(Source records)
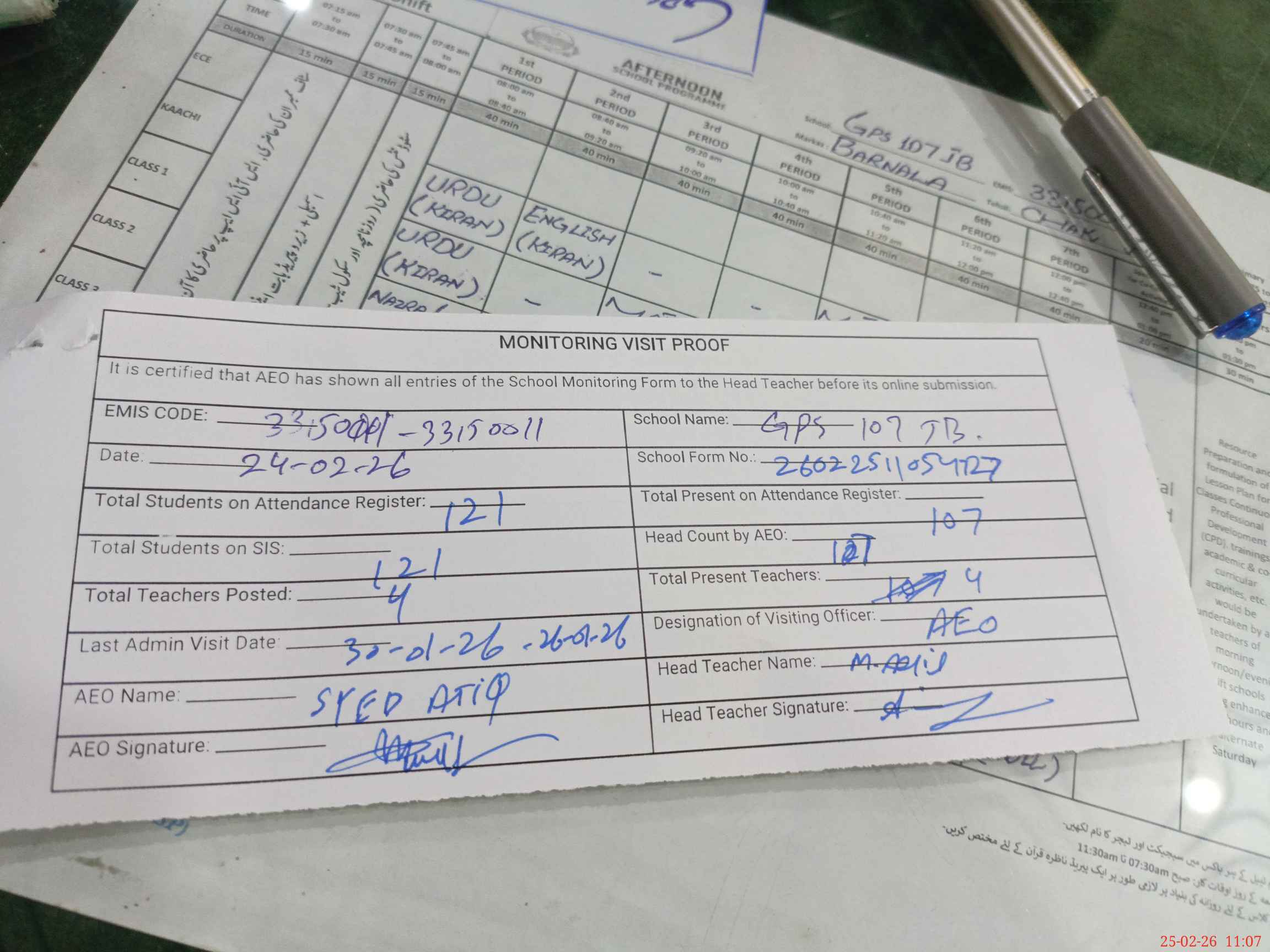 | EMIS Code: 33150011 | Name of School: GPS 107 JB | |||
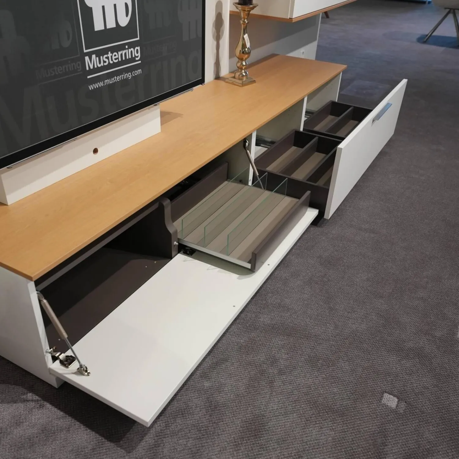 Genauer Zustand: Das Möbel hat als Ausstellungsstück in einem hochwertigen Einrichtungshaus eine gewisse Zeit verbracht. Seien Sie unbesorgt: Unser Expertenteam prüft jeden Artikel vor Versand noch einmal auf Zustand und Funktion. Sollten wir etwas finden, geben wir Ihnen Bescheid.
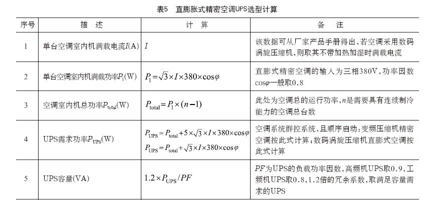 (1)直膨脹式精密空調UPS選型建議(見表5)
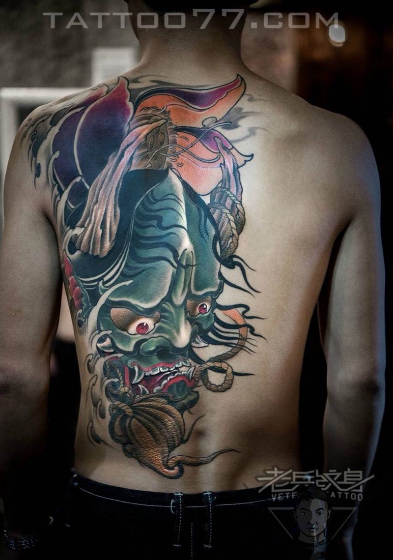 后背般若纹身作品纹身图片_成品背部传统鬼神纹身图案
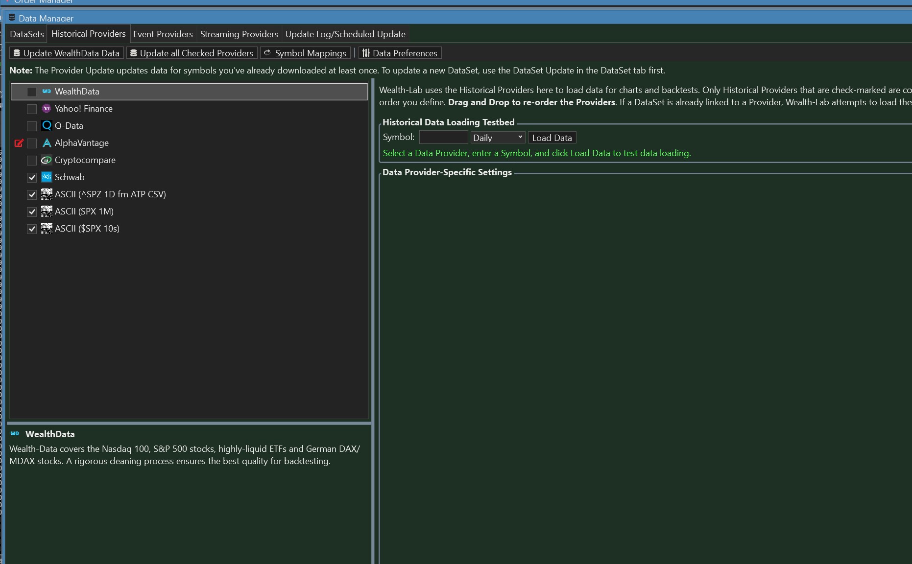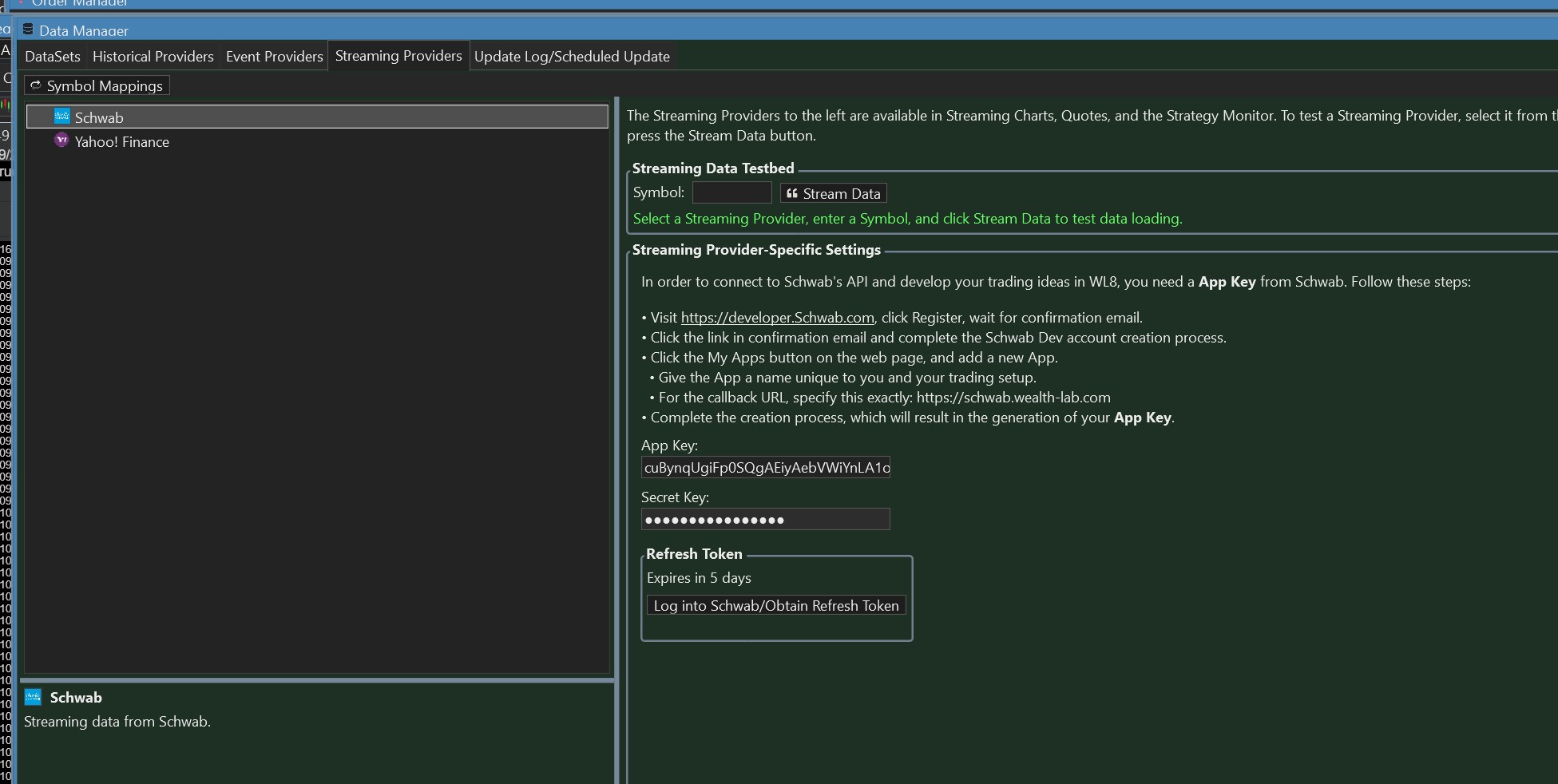Hmm, do you have Schwab enabled (check box checked) in the Data Manager, Historical Providers tab?
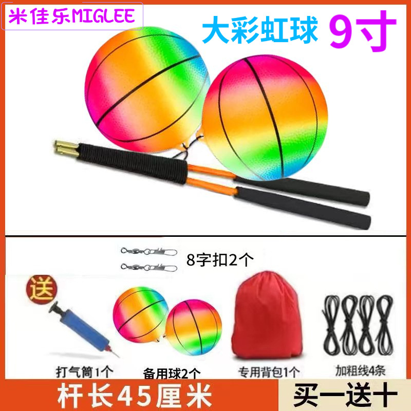 • [원 겟 에이트] 9 인치 레인보우 볼 2 + 55cm 옐로우 로드 세트
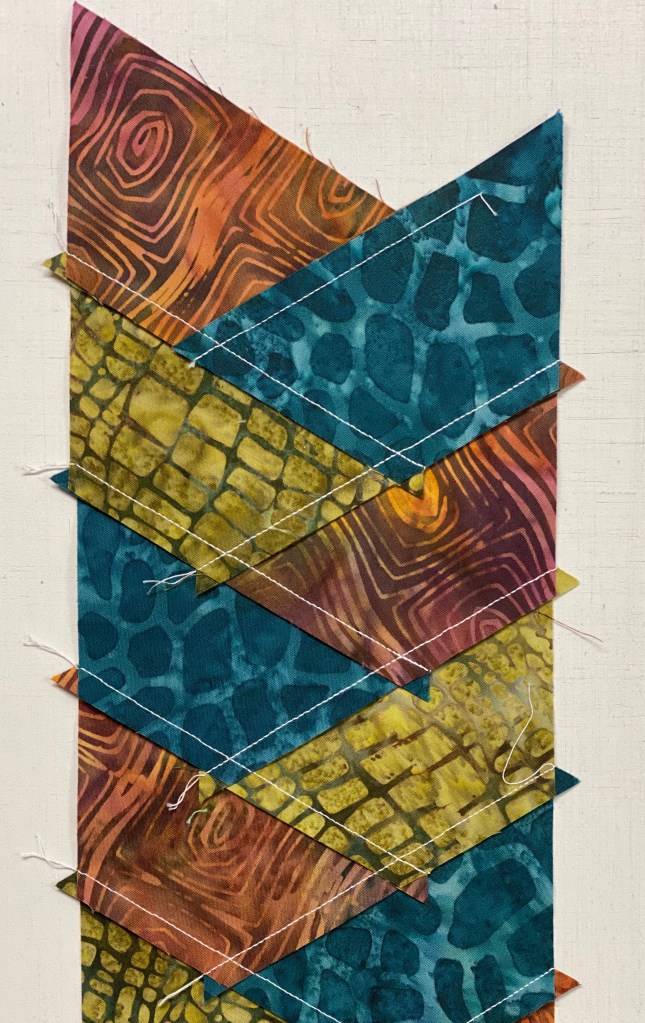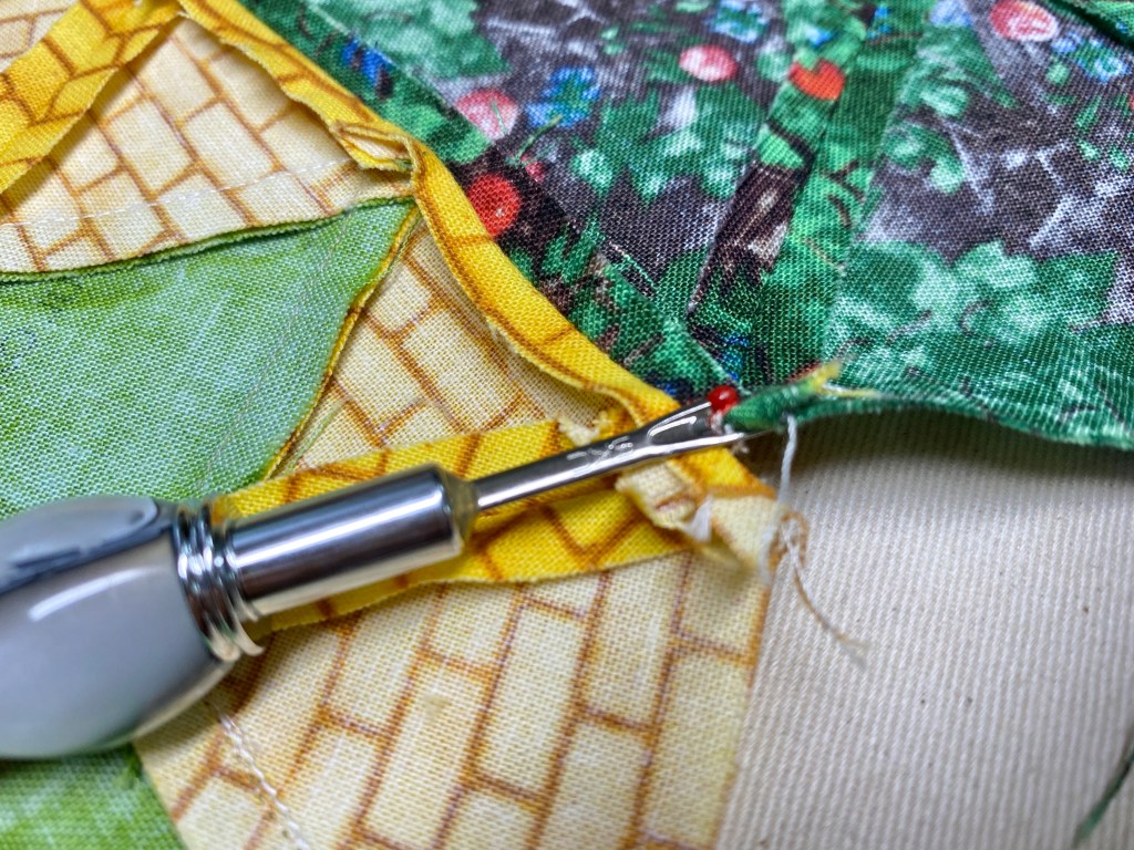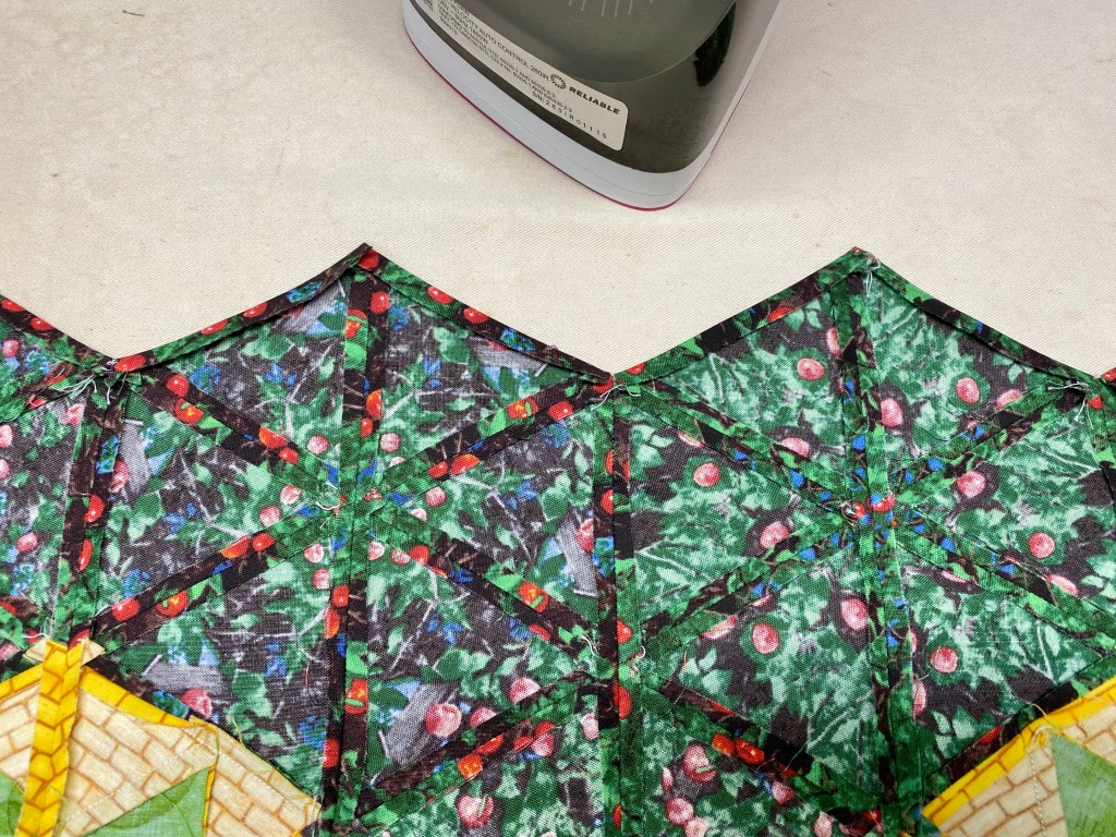 I decided to applique the top section to the panel by leaving the points on the bottom of the top section. I took stitches out about 1/4″ down between the valley of the blocks and pressed the edges under 1/4″.

- **Task to complete**
Transcribe every record above exactly as written, leaving out any pictures.

- **Exercise output**
 | EMIS Code: 33150011 | Name of School: GPS 107 JB | |||
 Genauer Zustand: Das Möbel hat als Ausstellungsstück in einem hochwertigen Einrichtungshaus eine gewisse Zeit verbracht. Seien Sie unbesorgt: Unser Expertenteam prüft jeden Artikel vor Versand noch einmal auf Zustand und Funktion. Sollten wir etwas finden, geben wir Ihnen Bescheid.
 (1)直膨脹式精密空調UPS選型建議(見表5)
 后背般若纹身作品纹身图片_成品背部传统鬼神纹身图案
Hmm, do you have Schwab enabled (check box checked) in the Data Manager, Historical Providers tab?
 • [원 겟 에이트] 9 인치 레인보우 볼 2 + 55cm 옐로우 로드 세트
 I decided to applique the top section to the panel by leaving the points on the bottom of the top section. I took stitches out about 1/4″ down between the valley of the blocks and pressed the edges under 1/4″.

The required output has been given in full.